## EXTRACTED RECORDS
----
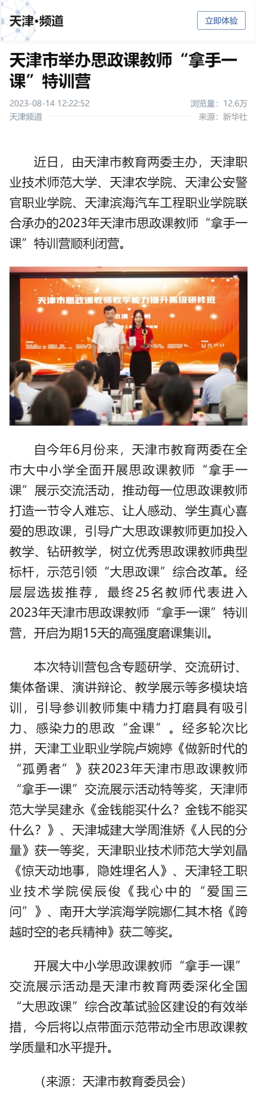 2023年8月13日—14日,新华社客户端、津门教育、津云、天津教育报等多家媒体报道,由天津市教育两委主办,天津职业技术师范大学、英国365上市公司官网、天津公安警官职业学院、天津滨海汽车工程职业学院联合承办的2023年天津市思政课教师“拿手一课”特训营顺利闭营。
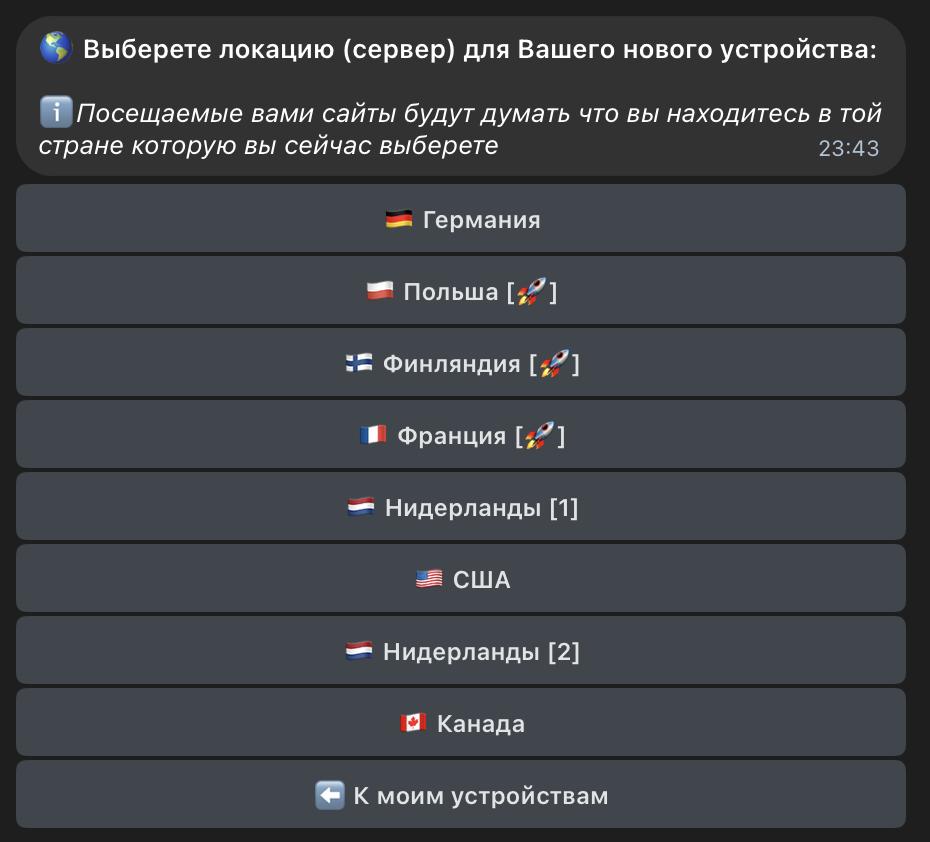 Выбирайте страну, к которой хотите подключиться. Доступны 🇩🇪 Германия, 🇵🇱 Польша, 🇫🇮 Финляндия и другие (список постоянно расширяется).
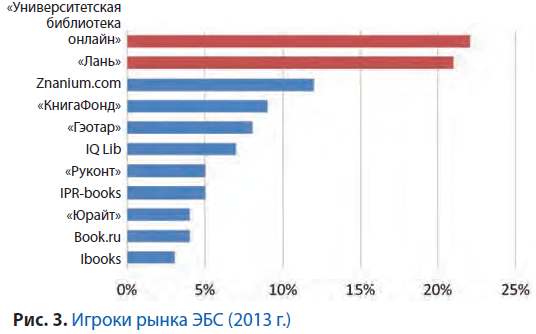 Что касается ЭБС, то активный рост сегмента – на уровне 100% в год – наблюдался в первые годы его формирования, сейчас рост замедлился и находится на уровне 60–90% в год. Связано это, в первую очередь, с бюджетными ограничениями. Тем не менее, рост рынка ЭБС в 2013 г. достиг 450 млн рублей.
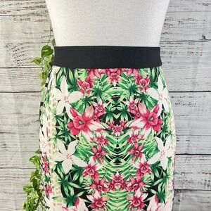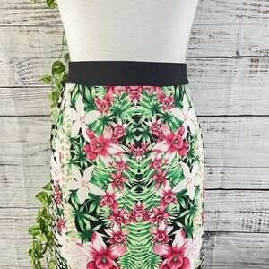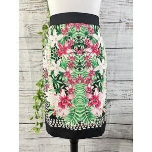 Alfani Skirt sz 12 Pink Green Floral Straight Pencil Stretch Knee Church Wedding
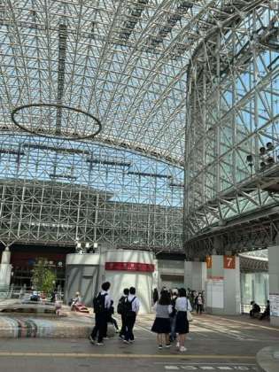 金沢駅付近を見学するグループ。まいどさんに案内していただいています。
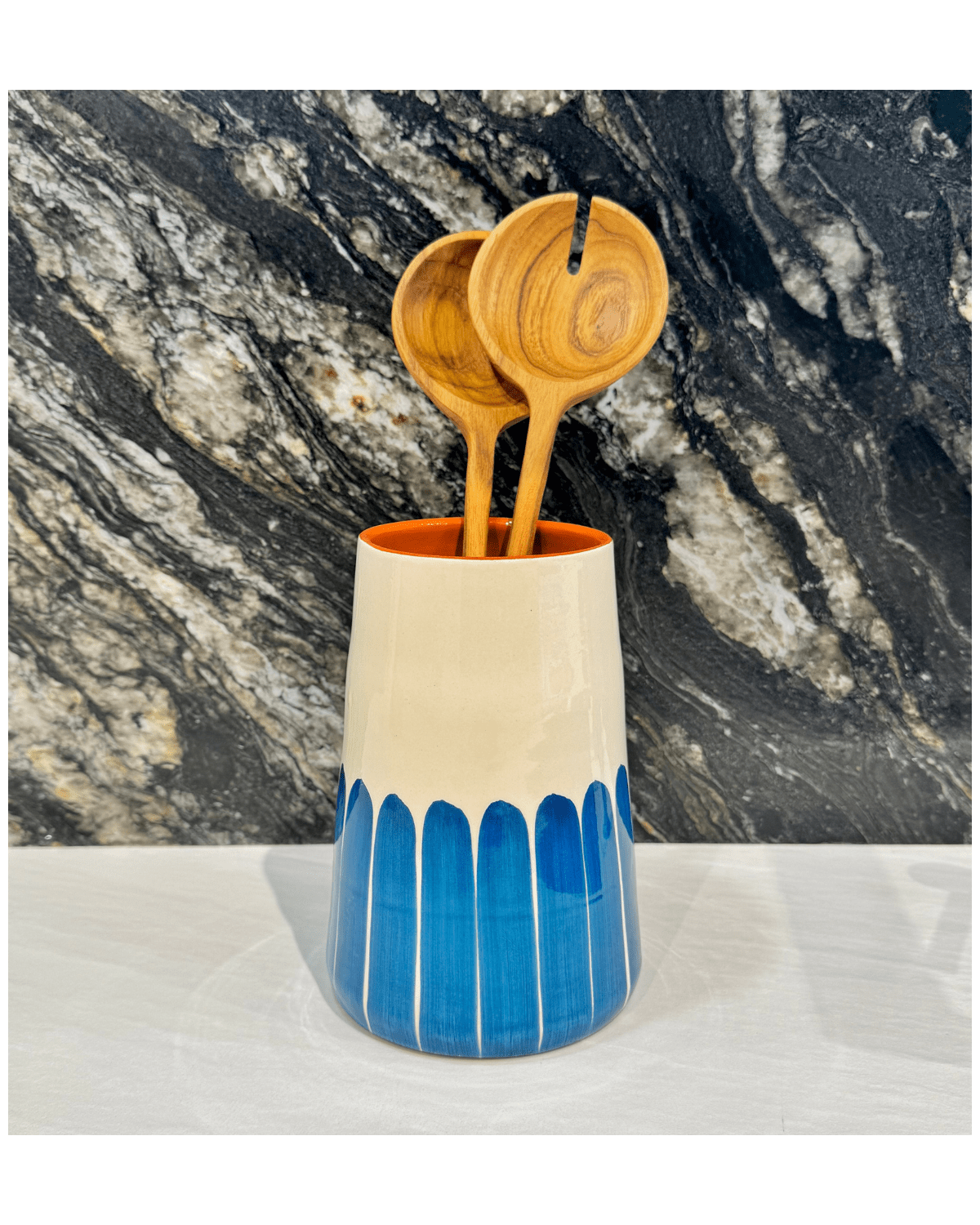 Pièce artisanale. L'intérieur est en terre crue ocre émaillée transparente
----
## WORK REQUEST
The expected answer consists solely of the lines from the one with "Выбирайте страну, к" through the last line of the listing above, restated exactly, minus any pictures.

## RESULT
 Выбирайте страну, к которой хотите подключиться. Доступны 🇩🇪 Германия, 🇵🇱 Польша, 🇫🇮 Финляндия и другие (список постоянно расширяется).
 Что касается ЭБС, то активный рост сегмента – на уровне 100% в год – наблюдался в первые годы его формирования, сейчас рост замедлился и находится на уровне 60–90% в год. Связано это, в первую очередь, с бюджетными ограничениями. Тем не менее, рост рынка ЭБС в 2013 г. достиг 450 млн рублей.
 Alfani Skirt sz 12 Pink Green Floral Straight Pencil Stretch Knee Church Wedding
 金沢駅付近を見学するグループ。まいどさんに案内していただいています。
 Pièce artisanale. L'intérieur est en terre crue ocre émaillée transparente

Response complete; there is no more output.